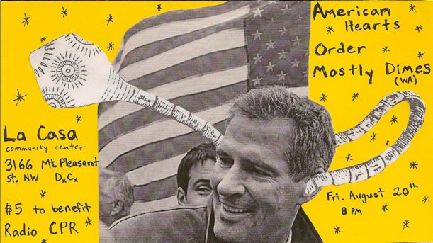 Seattle's Mostly Dimes played La Casa almost exactly a year ago this week. Last August they played as part of a benefit show on behalf of We Are Family. Well, they're playing another benefit this year. On August 20th (that's Friday) they'll play with DC's American Hearts and Order from Charlottesville. This time for DC's Radio CPR 97.5 who also had a movie benefit last week at La Casa (3166 Mt Pleasant Street NW). Show starts this Friday at 7:00pm. If you're feeling generous and care to donate, bring $5.00.
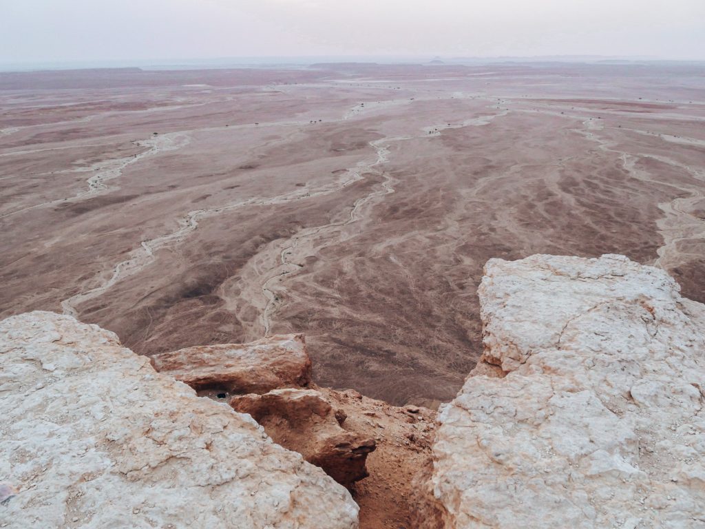 A place where you feel like a king looking down on his land having a full overview. The Tuwaiq Mountains that for long have hidden the presence of the Edge of the world come to an end. Surrounded by different tones of browns, skin tone, earthy colours and but little green.
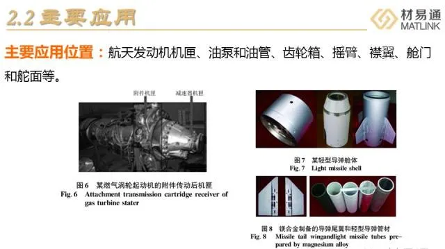 轻量化是提高武器装备作战性能的重要方向。镁所具有的轻质特性决定了镁合金是生产航天飞行器、军用飞机、导弹、高机动性能战车、船舶的必不可少的结构材料,如可做火箭头、导弹点火头、航天器元部件以及照明弹等。因此,大力开发镁合金应用范围是国防现代化的需要。

______

> REQUIRED ACTION: Write the material above out again exactly as it reads, but don't carry over the pictures.

> COMPLETED EXERCISE:
 Seattle's Mostly Dimes played La Casa almost exactly a year ago this week. Last August they played as part of a benefit show on behalf of We Are Family. Well, they're playing another benefit this year. On August 20th (that's Friday) they'll play with DC's American Hearts and Order from Charlottesville. This time for DC's Radio CPR 97.5 who also had a movie benefit last week at La Casa (3166 Mt Pleasant Street NW). Show starts this Friday at 7:00pm. If you're feeling generous and care to donate, bring $5.00.
 A place where you feel like a king looking down on his land having a full overview. The Tuwaiq Mountains that for long have hidden the presence of the Edge of the world come to an end. Surrounded by different tones of browns, skin tone, earthy colours and but little green.
 轻量化是提高武器装备作战性能的重要方向。镁所具有的轻质特性决定了镁合金是生产航天飞行器、军用飞机、导弹、高机动性能战车、船舶的必不可少的结构材料,如可做火箭头、导弹点火头、航天器元部件以及照明弹等。因此,大力开发镁合金应用范围是国防现代化的需要。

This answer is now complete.